RF’s settlement with the companies stems from violations of FAC-009-1 (establish and communicate facility ratings), which required that transmission owners and generator owners establish facility ratings that are consistent with an established facility ratings methodology. (The standard was replaced in 2013 by FAC-008-3.) The compliance issues were initially identified by ACE, DPL and Pepco; their discovery prompted BGE, ComEd and PECO to conduct investigations, which unearthed their own ratings issues.

ACE kicked off the investigation process in April 2019 after it discovered that it had placed a transmission line back into service without communicating the updated facility rating to PJM. The discovery led ACE to compare more facility ratings against PJM’s records to ensure that all of the RTO’s records were accurate. However, the utility found more inaccuracies in this review, prompting Exelon to expand the scope of the reviews to include DPL and Pepco. Exelon first informed RF of the issues — through the regional entity’s legal team — following this expansion in July 2019.

In December 2019, while the reviews were underway, RF issued an audit notification letter to the utilities. As part of the audit, the RE notified the utilities that they were in violation of FAC-008-3. The review continued through March 2021, when the three utilities identified 235 out of their 349 facilities that required facility rating changes.

BGE, ComEd and PECO reported to RF in July 2020 that they were also in violation of FAC-008-3, having begun their own reviews the year before as a result of the widespread issues discovered by ACE, DPL and Pepco. Their reviews, completed in December 2022, found 278 total misratings across their collective 1,504 facilities.

RF determined that the violations by all six utilities began in June 2007, when FAC-009-1 took effect. They ended in March 2021 in the case of ACE, DPL and Pepco, and in December 2022 for the remaining companies; these dates indicate when the extent of condition reviews were completed and all discrepancies officially corrected.

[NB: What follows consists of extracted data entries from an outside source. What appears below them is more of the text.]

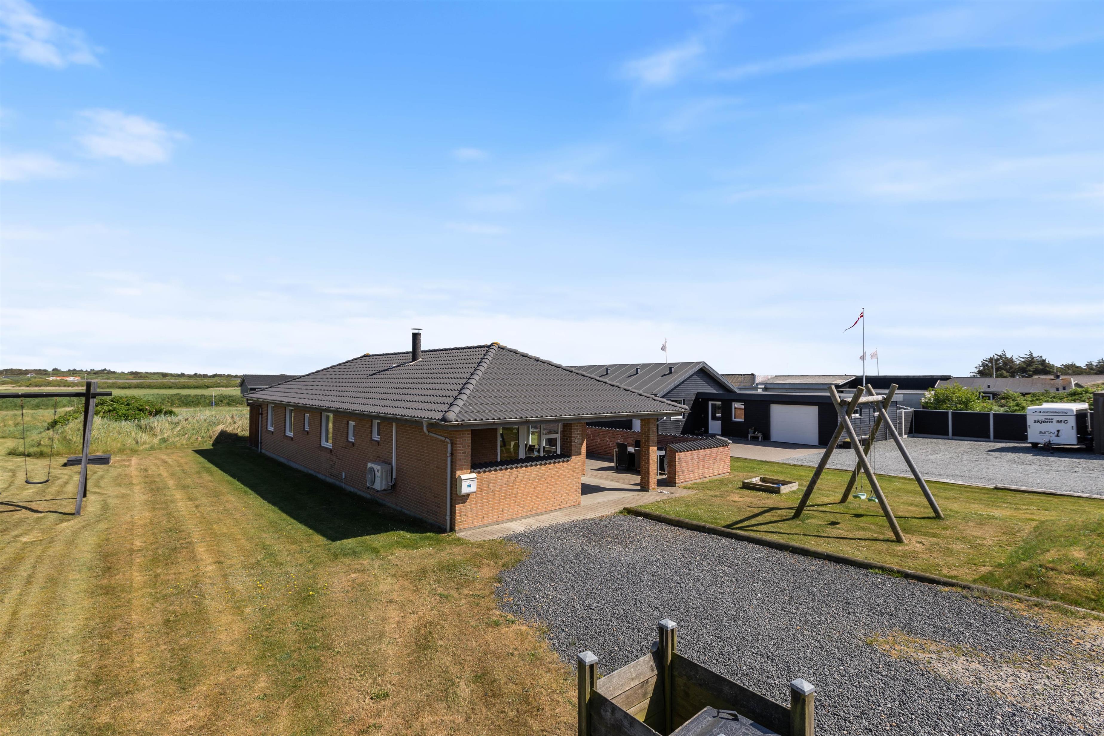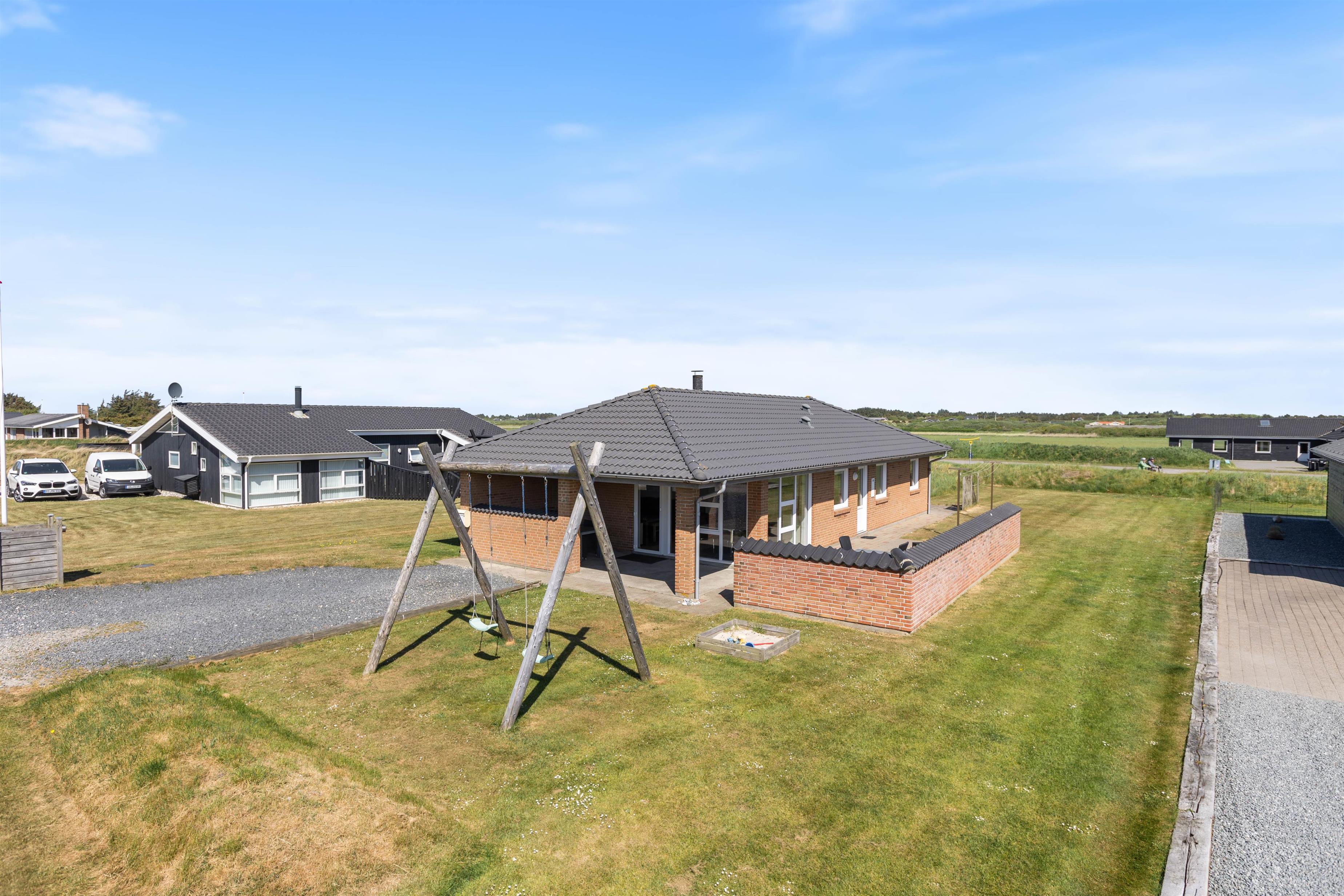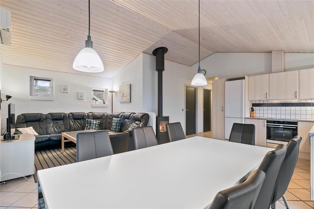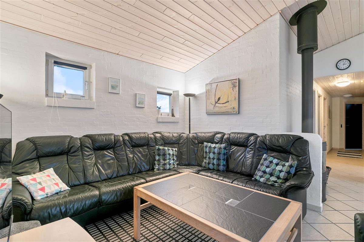 The holiday home has 4 bedrooms - one with a double bed and 2 with single beds. There are also 2 bathrooms, both featuring underfloor heating. If you're two families sharing the holiday home, each family can have their own bathroom. The holiday home is equipped with a heat pump, ensuring comfortable temperatures at low cost.
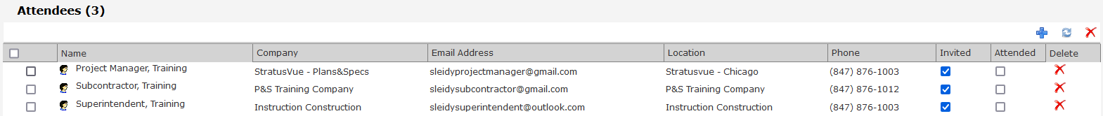 Meeting Attendees are the list of Project Members that will were requested for attendance to the meeting. Being an Attendee allows the user to receive the Meeting Attendee Email Notification as well as be a collaborator to the Meeting and Meeting Minutes.
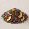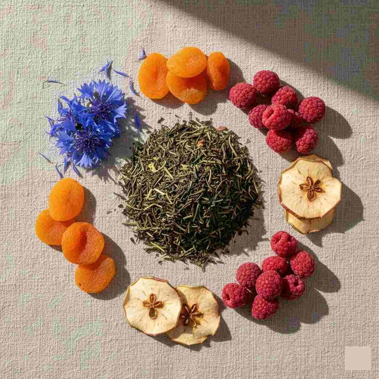 žalioji arbata, rugiagėlių žiedlapiai, liofilizuoti abrikosai, liofilizuotos avietės, džiovinti obuoliai, kvapioji medžiaga.
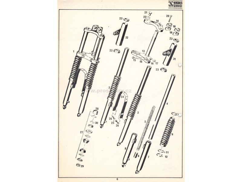 Teleskopická vidlice Pränafa s pružinami 440 mm 21,50 mm černá pro Hercules Prima 5S, SX, 6, Jogging, Optima 3, 3S

The RE found that the violations posed a serious risk to grid reliability in the cases of ACE, DPL, Pepco and PECO, and a moderate risk for the other two utilities. Explaining this assessment, RF said that the number of errors and their duration both indicate “a longstanding, systemic issue” with the utilities’ facility ratings practices. It further noted the large adjustments needed in some cases (one facility required a reduction of up to 66%) and that more than a dozen facilities were found to have operated near or above their corrected ratings.

RF attributed the violations to “insufficient internal controls throughout each company’s facility ratings program and processes.” It noted that “multiple teams at various steps” contributed to each utility’s overall facility ratings process, without enough care taken to ensure accurate recording of information at each stage, increasing the potential for human errors.

In the case of the initial three utilities, the RE suggested that a “lack of clear overall ownership and accountability for the … facility ratings program” also exacerbated the risk, along with a lack of formal training for relevant teams. For the remaining utilities, RF found that they had failed to maintain or confirm facility baselines, in some cases relying on baselines developed by third parties that were not adequately reviewed prior to adoption.

ACE, DPL and Pepco committed to more than 25 mitigating activities including implementing additional controls for data accuracy; establishing a new standard repository for relay load limits; committing to regular updates for stakeholders involved in the facility ratings process; and creating a new common facility ratings database. Actions by BGE and the other utilities include completing a full review of the extent of the conditions and implementing a common tool for documenting equipment and facility ratings across all Exelon companies.

RF noted the utilities’ cooperation throughout the process, including their self-disclosure of the suspected noncompliance and their willingness to conduct full physical walkdowns of their facilities “within a relatively short time frame” as reason for mitigating the penalty. On the other hand, the RE said that a previous compliance issue related to FAC-008 served as an aggravating factor in the penalty determination because the utility “failed to identify the full breadth of their systemic issue with facility ratings.”

DOE to Invest $1 Billion to Build Demand for Clean Hydrogen

The Department of Energy on Wednesday announced plans to use $1 billion from the Infrastructure Investment and Jobs Act to underwrite demand for the clean hydrogen to be produced by the regional hydrogen hubs (H2Hubs) funded with $7 billion from the law.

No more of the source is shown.